First, I would like to ask if there is an existing pattern that I am overlooking which would make it easy to define the values once and have them applied in both lms.env.yml ad cms.env.yml?
If not, is there a reason that common-env should not be added in both templates as well?
I would be happy to create a pr to contribute the change, if it would be welcome, but I wanted to confirm first before I spent the time.
[food-for-thought] At edX/2U we’ve moved away from shared configs because of separate problems that type of hierarchy introduces. Note that there are configurations that are shared across all services, like auth configs as an example. Does it hurt us to special case common configs between LMS and Studio, rather than treating them like two separate services that happen to need some matching configs? Coudl we simply add appropriate comments for sections of the config that need to match in other services?

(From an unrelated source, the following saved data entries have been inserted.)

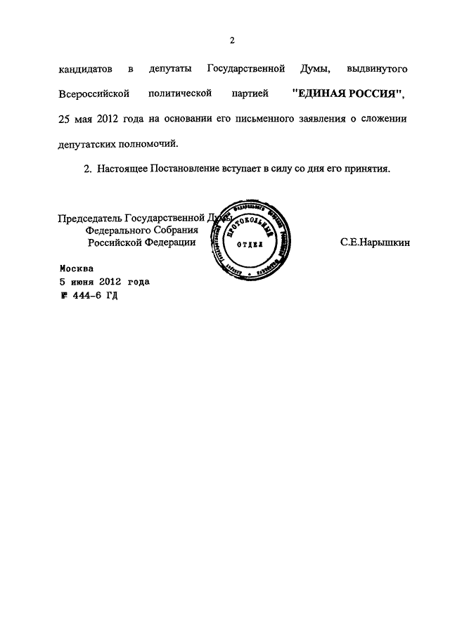 ПОСТАНОВЛЕНИЕ ГД ФС РФ от 05.06.2012 N 444-6 ГД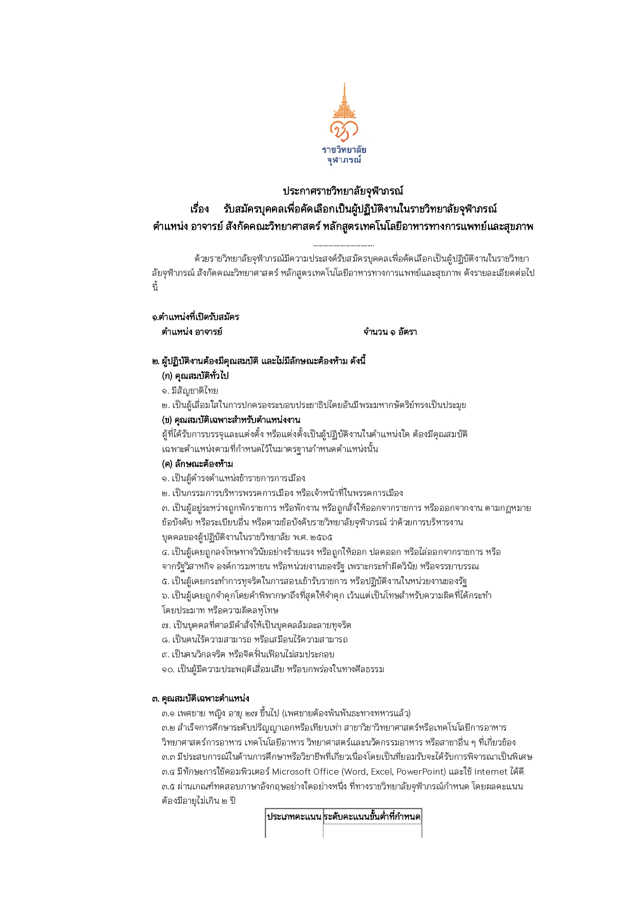 ๒ สำเร็จการศึกษาระดับปริญญาเอกหรือเทียบเท่า สาขาวิชาวิทยาศาสตร์หรือเทคโนโลยี การอาหารวิทยาศาสตร์การอาหาร เทคโนโลยีอาหาร วิทยาศาสตร์ และนวัตกรรมอาหาร หรือสาขาอื่น ๆ ที่เกี่ยวข้อง
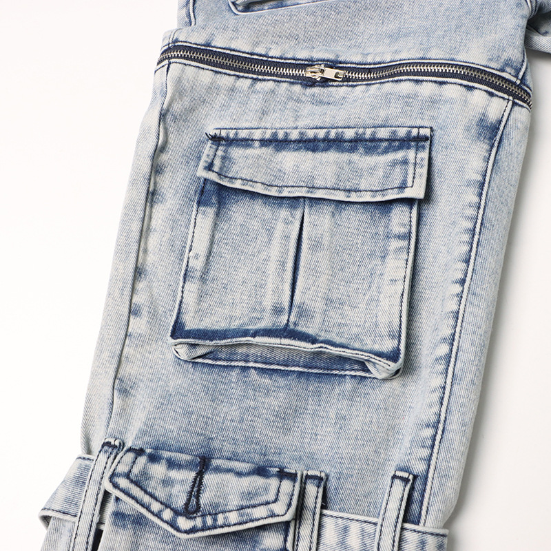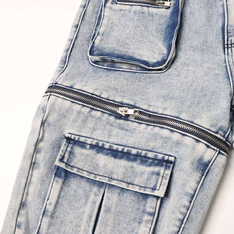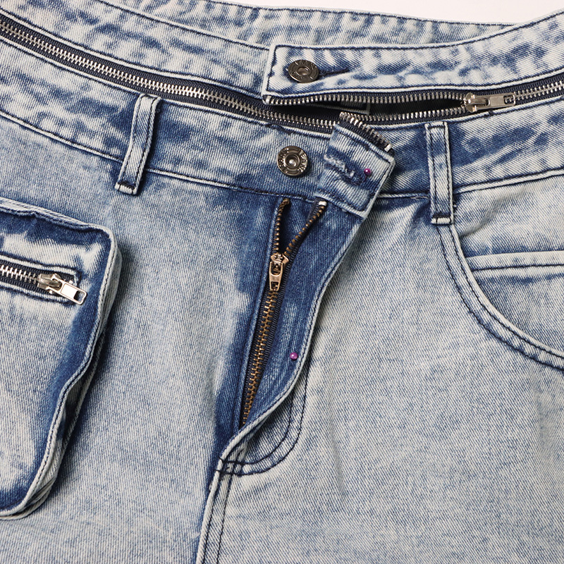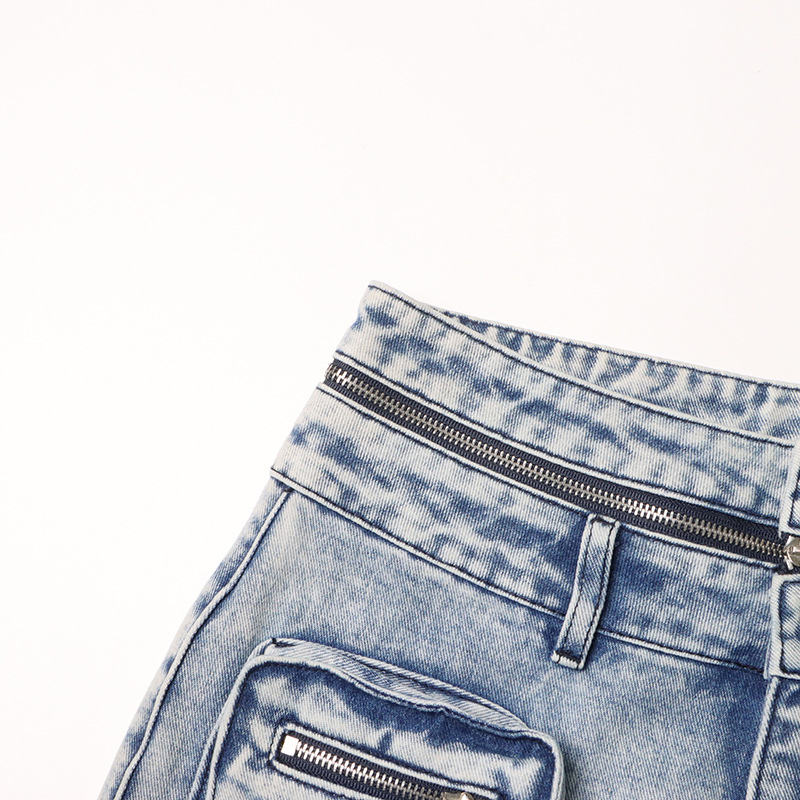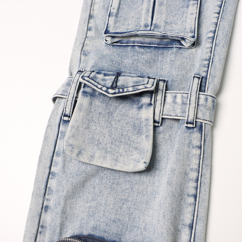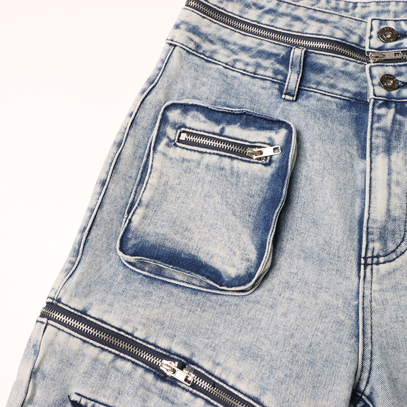 Autumn Smart Trousers Niche Design Patchwork Pocket Deconstructed High Waist Straight Jeans for Women
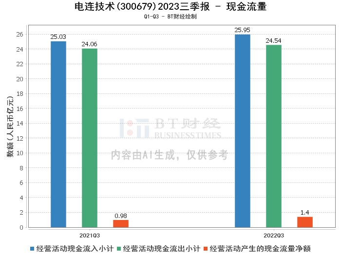 在现金流量方面,电连技术2023年三季度的经营活动产生的现金流量净额为3.43亿元,相比上年同期增长了144.68%。这表明公司的经营活动产生的现金流量情况良好,有利于公司的运营和发展。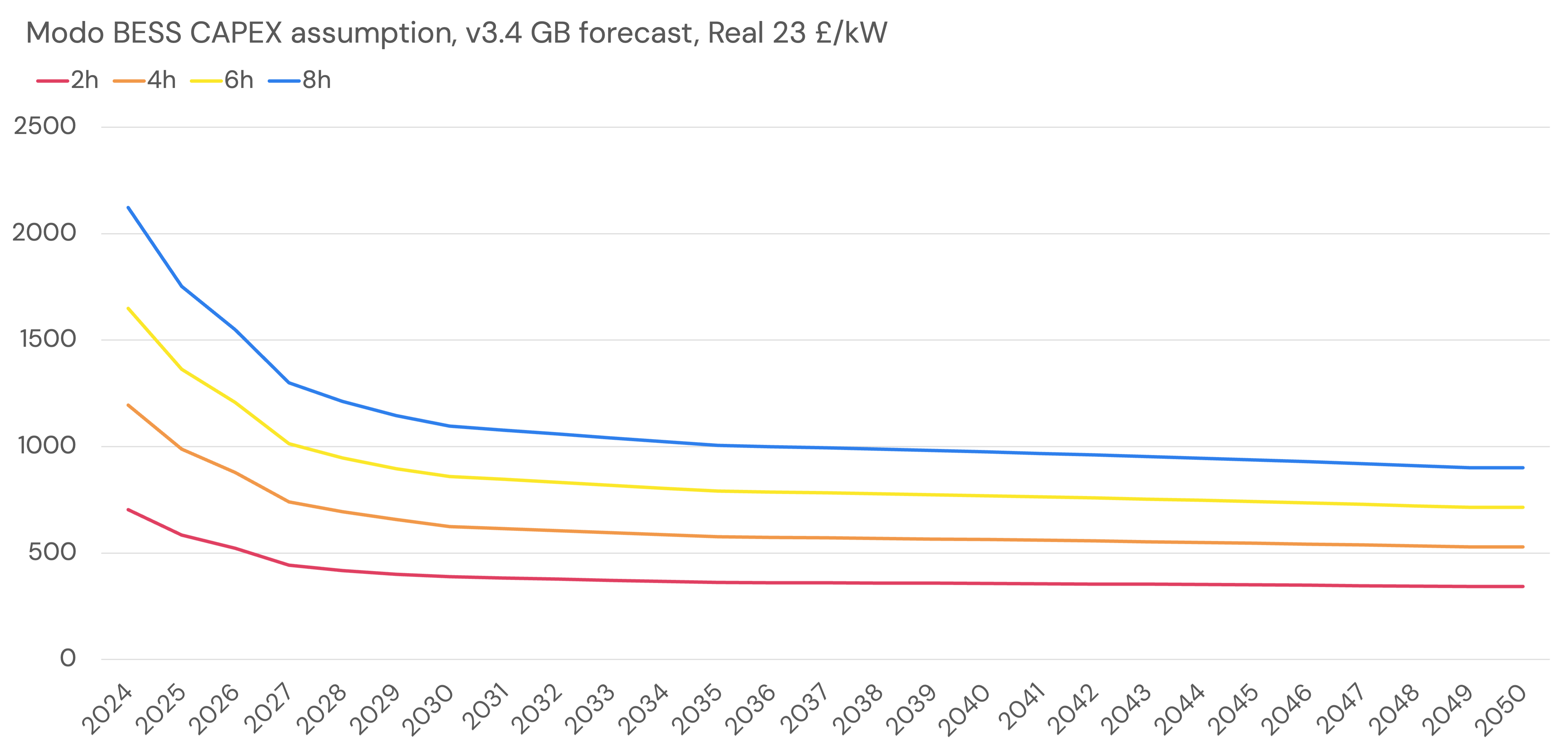 Major battery manufacturers (CATL, for example) announced dramatic drops in the cost of their systems in the first half of 2024. In November 2024, Modo conducted a survey covering 2.8 GW of battery energy storage projects - with commissioning dates from 2024 to 2028. 30 responses detailed costs from the GB storage industry on the CAPEX of their previous or next project. These responses inform our shorter duration CAPEX assumptions and for each additional hour of duration we assume £100/kW in 2025, with a learning rate. Costs are adjusted to Real 2023 values.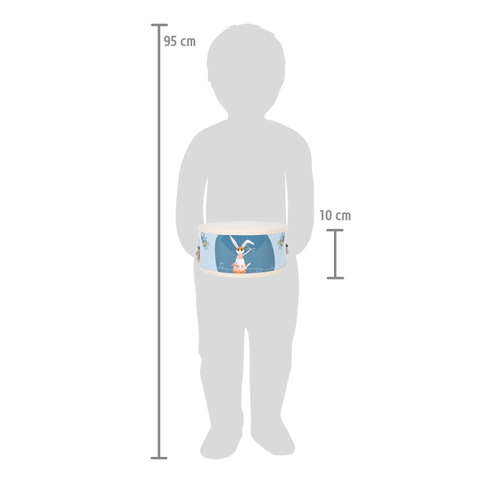Surenkite namų koncertus su šiuo stilingu vaikišku būgneliu! Dėl reguliuojamo medvilninio dirželio, tylių lazdelių su garso slopintuvais ir tvirtos medinės konstrukcijos jis idealiai tinka pirmajam žingsniui į muzikos pasaulį. Skatina ritmą, akių–rankų koordinaciją ir smulkiąją motoriką, be to, puikiai atrodo vaiko kambaryje.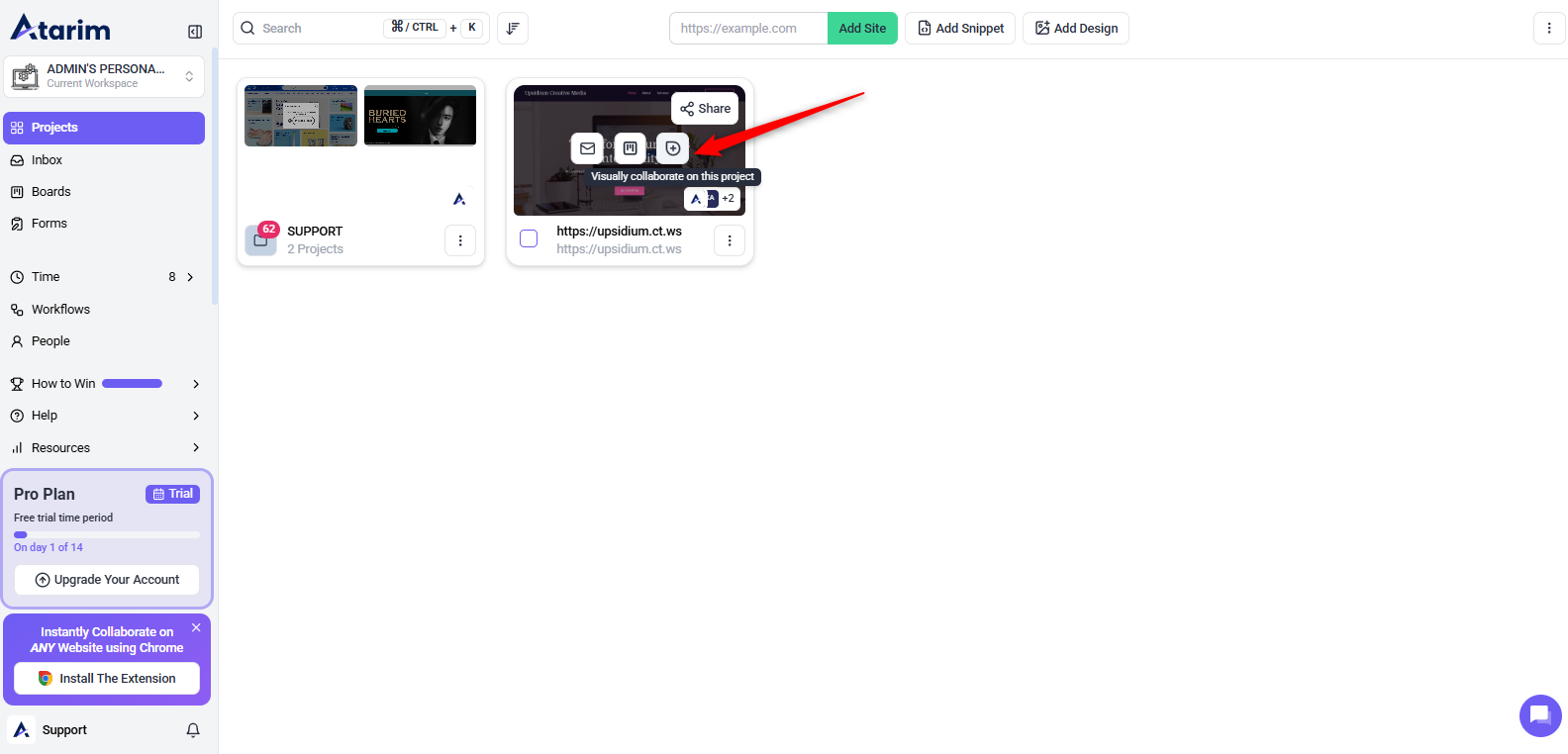 Recommendation: If you manage multiple websites, use the folders and labels feature in Atarim to organize projects and improve navigation efficiency.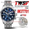 Pilot’s Chronograph IW377701 Automatic Mens Watch Super Clone TWSF 43mm Blue White Dial SS Bracelet A7750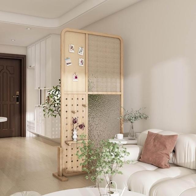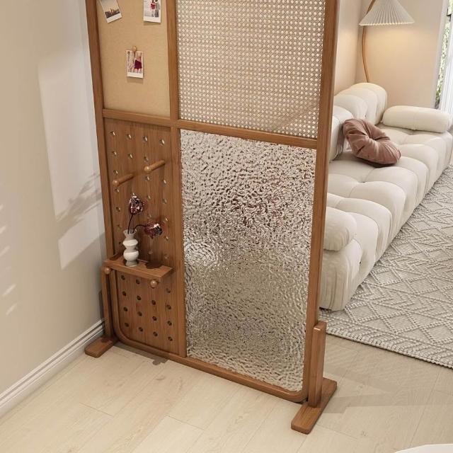 廠家直銷 免運/現貨 日式實木屏風隔斷 水紋玻璃洞洞板藤編櫻桃置物架客廳入戶家用玄關 現代客廳洞洞板屏風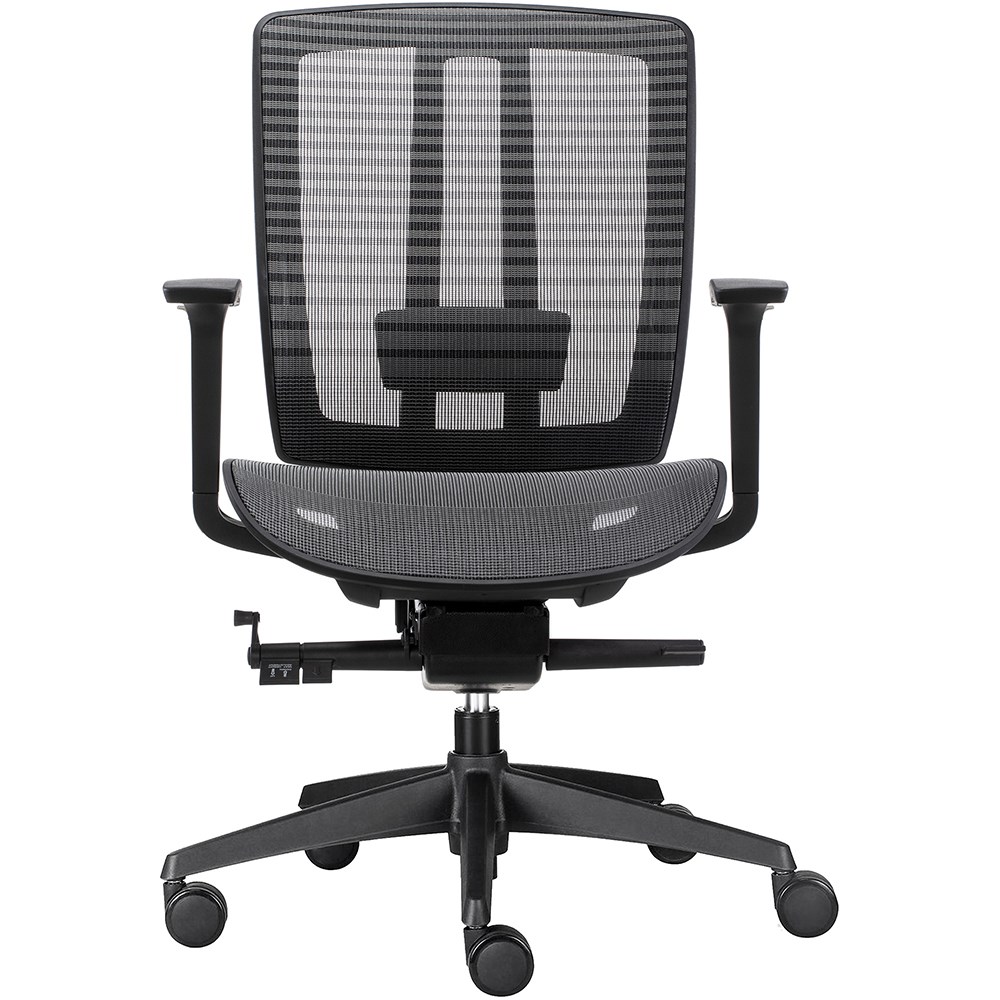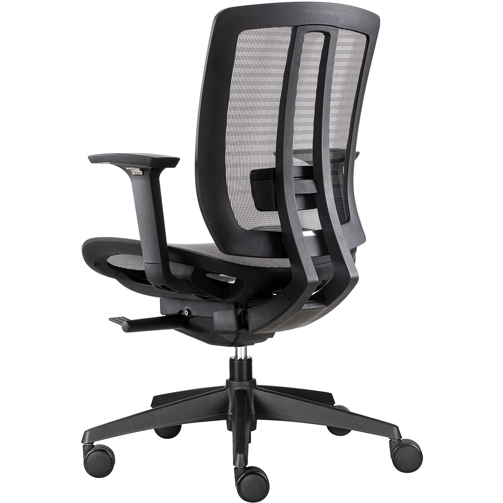 A stylish and ideal chair for any type of work environment. The mesh finish provides the ultimate comfort and breathability. Donati-Dopo weight sensitive mechanism with 5 positions. Black Korean mesh back rest and seat pan. Height adjustable nylon arm rests. Black 5 star base with black 60/25 PU castors. 135 Kg weight rating. Chair Dimensions: Seat 490W x 515D x Seat 470-540mmH. Overall height: 1150-1220mmH. 10 Year Manufacturer's Warranty.

I’m not an expert in this area, so simply sharing some thoughts.
The longer explanation is that I hate the lms/cms.env.yml files. I’d rather use them as little as possible. Actually, I should add a comment at the top of this file. I’d rather encourage plugin developers to add their common settings to the “openedx-common-settings” patch, in Python.
Yes, I would agree with this approach. If a setting is used in two different places, then it should be defined in just one place.
There is a much longer conversation to be had on Open edX settings. After all these years, it’s still one of the hardest things about edx-platform – though there has been a lot of improvement over the past couple releases, in particular thanks to much-improved docs.
Thank you @regis. I had actually considered moving all of my settings into the python openedx-common-settings patch, but there was one part I wasn’t confident about. If the settings values are defined in the *.env.yml config files, then from the startup of the container those values are defined instead of the default config settings. If they are moved into python, then the *.env.yml files will be generated (by tutor config save) containing default tutor defined values and only later get overwritten when the python code is run. I’m unaware if that might expose me to unexpected side-effects, so I assumed it would be safer to define the intended values at the source rather than at a later step. Do you think this is a consideration I need to respect when choosing how to proceed?
Thanks for the suggestion of openedx-auth since it hadn’t even occurred to me to use that patch for any purpose other than its name implied. I guess this is a reasonable alternative if it makes sense to stick with yml instead of moving toward the python direction.
Although I don’t disagree with the logic of what you said (de-duping), I simply want to clarify that you said the opposite of what I said. The crazy hierarchy of playbooks in edx-configuration got people scared, so we’ve gone to the other end of the spectrum, and everything is now duplicated.
I’m talking about 2U/edX, not Tutor, in case this would have caused confusion.
It really depends which setting you are trying to override. Some need to have their values in the yaml files. You need to check how the values are processed in the edx-platform repo common/production settings.
Right I’m not sure where the truth lies, but I’m pretty confident that 100% duplication is not the right way to go for the rest of the community… though it’s great if it works for 2U.